Nothing but the lines below from the one containing "HIỂU MINH DCS040" through the one containing "2021年11月3日晚,为迎" should appear in the answer, exact and without pictures.

━━ MATERIAL SUPPLIED ━━

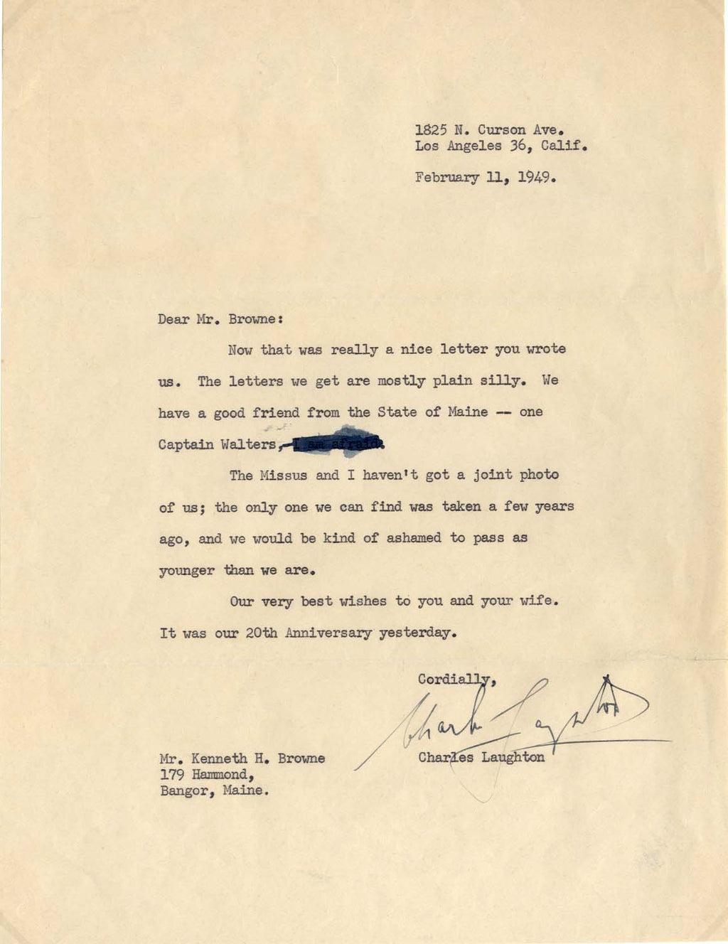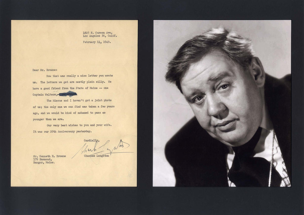 Typed letter signed, one page, 7,75 x 10 inch, Los Angeles (California), 11.02.1949, reply letter to Mr. Kenneth H. Browne in Bangor (Maine) - concerning a photo request, signed in blue ink "Charles Laughton", attractively mounted (removable) for fine display with a photograph, shows Charles Laughton in a chest-up portrait (altogether 16,5 x 11,75 inch), with two horizontal letter folds and mild signs of wear to the edges - in fine to very fine condition.
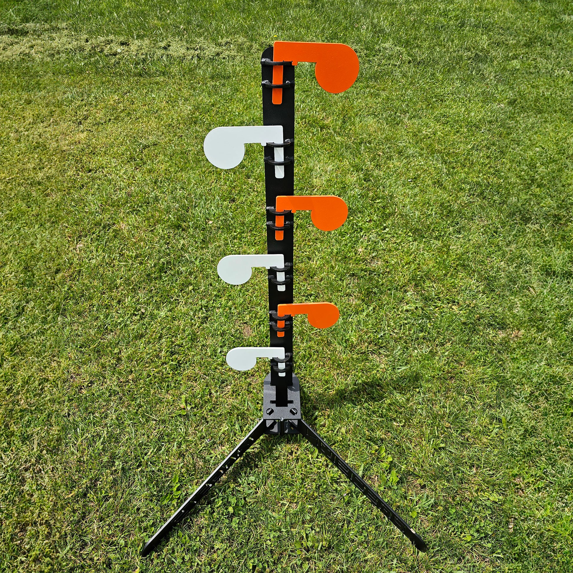 This Dueling tree comes with our multi use stand that is designed for speedy setup/take down, and provide a ridgid base to hold multiple styles of targets and stands. Adjustable forward angle, 0 degrees or 20 degrees. No tools required for setup. Check it our in the stands and hangers category.
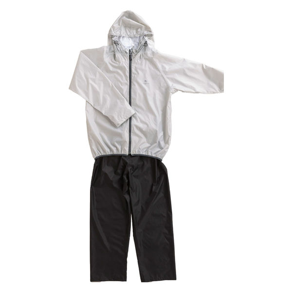 | 商品使用上の注意2 | ・ジャケットは、透湿素材を使用しておりムレにくいですが、急激な発汗や急激な温度変化などの状況下においては、衣服内が結露しムレを感じることがありますが、雨漏りではありません。また、パンツは通気性のない素材を使用しているためムレることがあります。・防水素材を使用し、縫い目から水の侵入を防ぐ防水テープ加工を施しておりますが、強い雨の中で使用した場合や強く風圧を受ける場合には、部分的に水が侵入するおそれがありますのでご注意ください。・たばこの火やたき火などの熱源のそばにおくと軟化したり変形することがありますのでお避けください。・ご使用の有無にかかわらず、時間が経過すると生地が劣化したり、変色するおそれがありますのでご注意ください。また、使用頻度・お手入れ方法・保管状況などによっては、生地の寿命が短くなることがありますのでご注意ください。・はっ水は永久的なものではなく、繰り返しの着用や汚れの付着により効果は低下します。はっ水が弱くなりましたら、弱い手洗いで汚れを落とし市販のはっ水スプレーでお手入れをするか、クリーニング店ではっ水加工を依頼してください。・洗濯や着用時の摩擦で表面の被膜がはく離することがありますのでご注意ください。・汚れは中性洗剤をぬるま湯で溶かして、弱い手洗いをして水で洗い流してください。・漂白剤は使用しないでください。・洗濯機や脱水機・乾燥機を使用すると、防水テープがはがれるおそれがありますのでお避けください。・ドライクリーニングは溶剤の種類を問わずお避けください。濡れた状態で放置しないでください。色落ちや色移りすることがあります。・ご使用後や洗濯後は陰干ししてよく乾いてから風通しの良い場所で保管してください。・直射日光や電灯に当たる場所に長時間さらすと、色あせのおそれがありますのでお避けください。 | カラー | ジャケット:Lグレー/パンツ:ブラック |
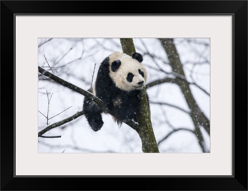 <p>China, Chengdu Panda Base. Baby giant panda in tree.</p>
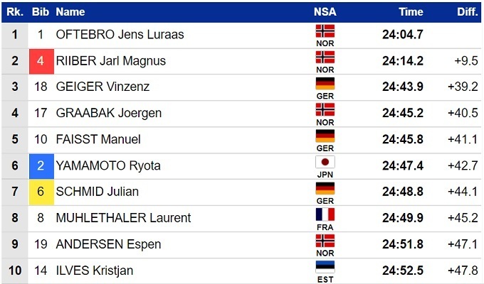 Норвезький двоборець Єнс Лурос Офтебро виграв перший особистий старт на домашньому етапі Кубка світу в Ліллехаммері, зумівши не підпустити до себе Ярла Магнуса Ріїбера. Той завдяки своєму другому місцю перехопив у німця Юліана Шміда жовту майку лідера загального заліку.
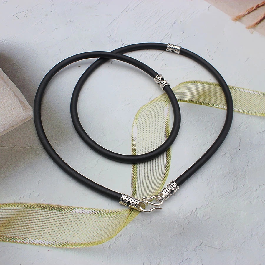 ✨Dây Chuyền Vòng Cổ Nam Cao Su Bọc Bạc Thật Nam Tính Thể Thao Dây 3mm - BẠC HIỂU MINH DCS040
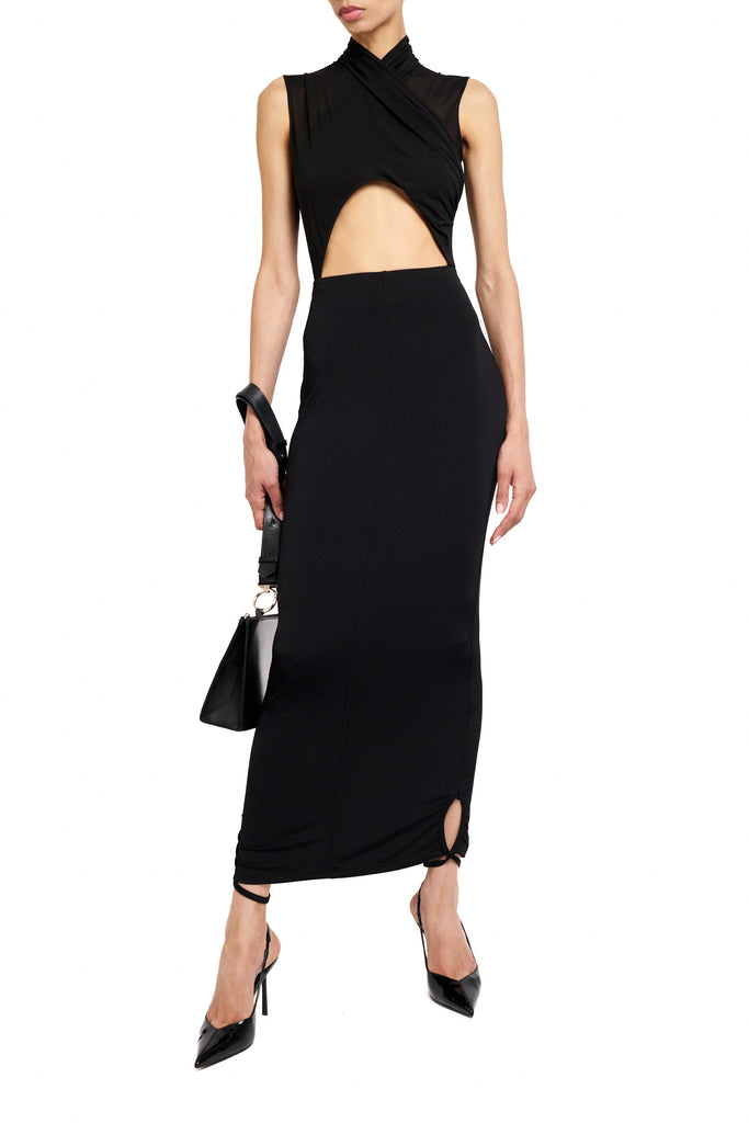 Elevate your wardrobe with the Black Skirt Silence, a refined midi silhouette crafted from premium jersey fabric. Designed in Paris, this piece embodies understated elegance with thoughtfully placed details adorning the hemline, adding subtle sophistication to its clean lines. The fluid drape of the jersey creates a flattering, comfortable fit that transitions seamlessly from day to evening. A timeless essential that pairs effortlessly with any top, this skirt delivers the polished aesthetic that defines contemporary Parisian style.
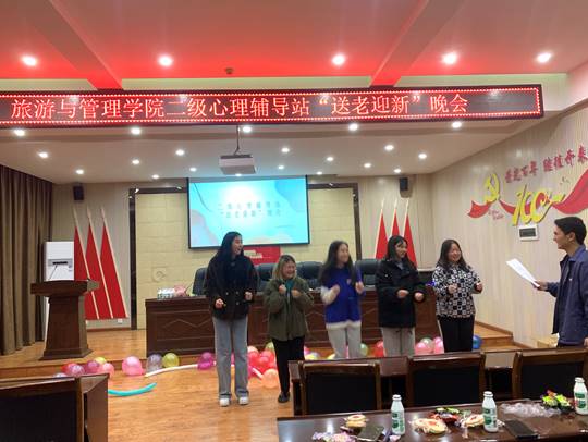 2021年11月3日晚,为迎接新同学的到来,展现公司学子风采,太阳成集团tyc122cc二级心理辅导站在材料大楼三楼会议室举办了“送老迎新”晚会。出席此次晚会的有学院心理老师陈丽珠老师,19、20级负责人以及全体成员。晚会由20级负责人祝新杨主持。
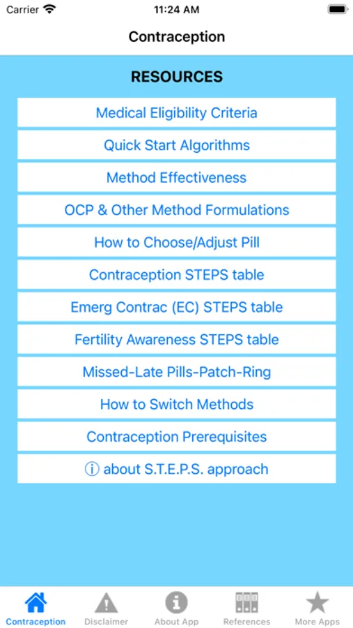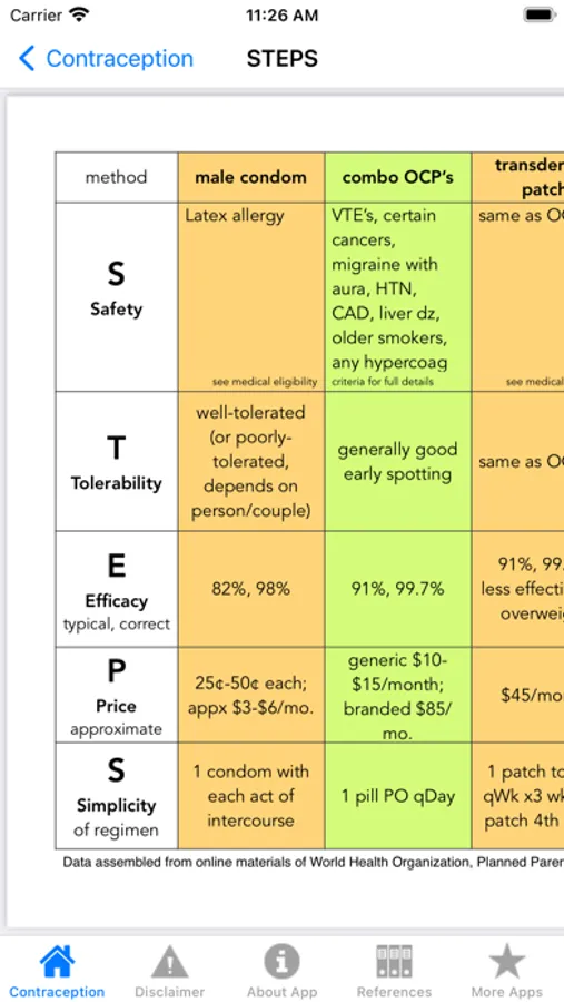 As the home screen screenshot shows, the resources in this app are: Medical Eligibility Criteria (contraindications) reference table, Quick Start Algorithms, table of Method Effectiveness, table of all OCP Formulations on the market and other non-pill hormonal formulations, guidance on How to Choose & Adjust OCP doses, STEPS criteria (safety, tolerability, efficacy, price, simplicity of regimen) for ALL contraceptive methods, focused STEPS comparative table for fertility awareness methods, focused STEPS comparative table for Emergency Contraception methods, guidance on how to switch methods, and a table of necessary exams and testing (prerequisites) before giving contraception.
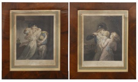 Coppia di litografie francesi a colori del secolo XIX raffiguranti "La partenza ed il ritorno del soldato" (cm 50x37) in cornici lastronate in noce dell'epoca (difetti)
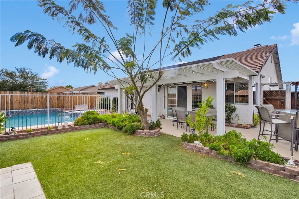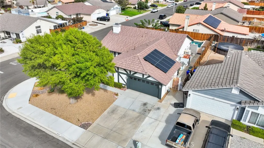 Welcome to this spacious 6-bedroom, 2-bath pool home in Victorville, perfectly situated on a corner lot. Step inside to an open floor plan featuring a cozy dual-sided fireplace that adds warmth and charm to both the living and dining areas. The kitchen flows effortlessly into the living space, making it great for family gatherings and entertaining. The large primary bedroom offers direct access to the backyard. Your own private retreat with a sparkling pool, spa, and beautifully landscaped surroundings. Enjoy the convenience of indoor laundry and peace of mind with a newer HVAC system installed in 2023 and a newer water heater. Plus, the solar will be paid off at closing. With its thoughtful layout, modern upgrades, and inviting outdoor space, this home is ready for you to move in and make it your own.
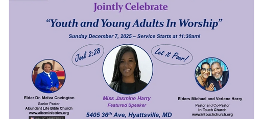 Please continue to tithe and give offering through the Givelify App (look up Abundant Life Bible Church, Hyattsville MD or CashApp - $MelvaCovington).
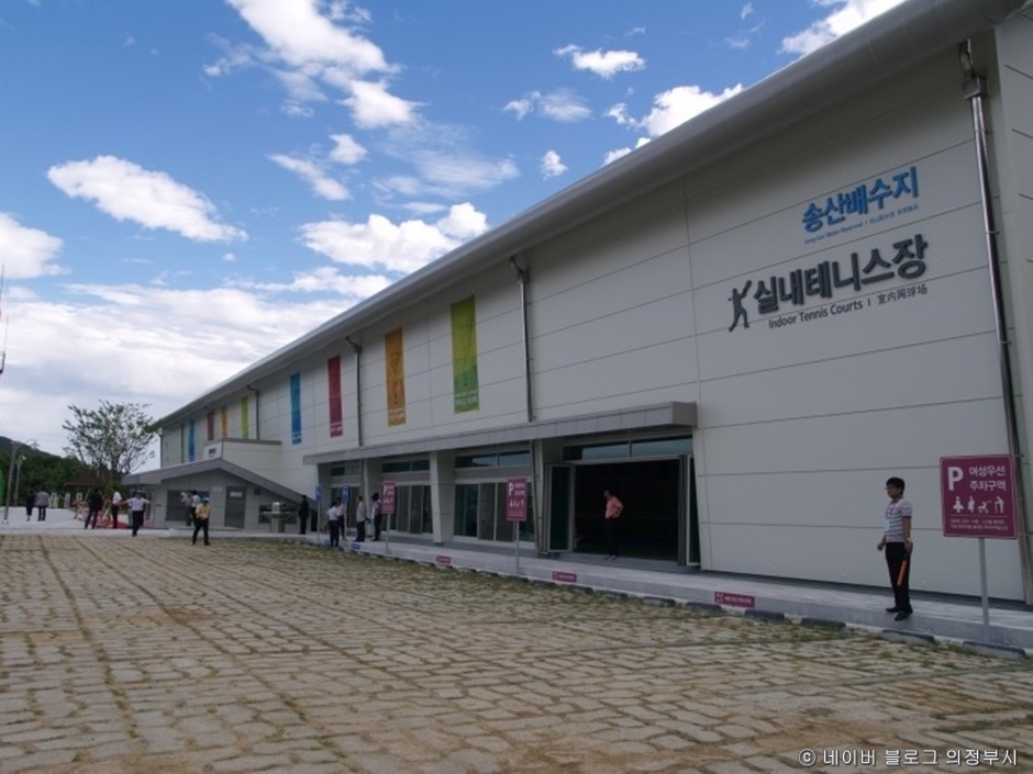 송산배수지를 확장하고 배수지 상부의 유휴공간을 활용하여 시민들이 이용가능한 체육시설을 만들었다. 체육시설은 실내테니스장 4면, 실외테니스장 2면, 풋살장 1면이 조성되어 있다. 이곳은 마을과 인접한 산책로로 이어져있고 송풍길과도 연결이 되어 일반 주민들이 방문하여 주변경치를 즐기며 쉴수 있는 정자와 생활운동시설도 마련되어 산책하기에 좋다.

━━━

- **RESPONSE TO THIS TASK**:
 ✨Dây Chuyền Vòng Cổ Nam Cao Su Bọc Bạc Thật Nam Tính Thể Thao Dây 3mm - BẠC HIỂU MINH DCS040
 Elevate your wardrobe with the Black Skirt Silence, a refined midi silhouette crafted from premium jersey fabric. Designed in Paris, this piece embodies understated elegance with thoughtfully placed details adorning the hemline, adding subtle sophistication to its clean lines. The fluid drape of the jersey creates a flattering, comfortable fit that transitions seamlessly from day to evening. A timeless essential that pairs effortlessly with any top, this skirt delivers the polished aesthetic that defines contemporary Parisian style.
 2021年11月3日晚,为迎接新同学的到来,展现公司学子风采,太阳成集团tyc122cc二级心理辅导站在材料大楼三楼会议室举办了“送老迎新”晚会。出席此次晚会的有学院心理老师陈丽珠老师,19、20级负责人以及全体成员。晚会由20级负责人祝新杨主持。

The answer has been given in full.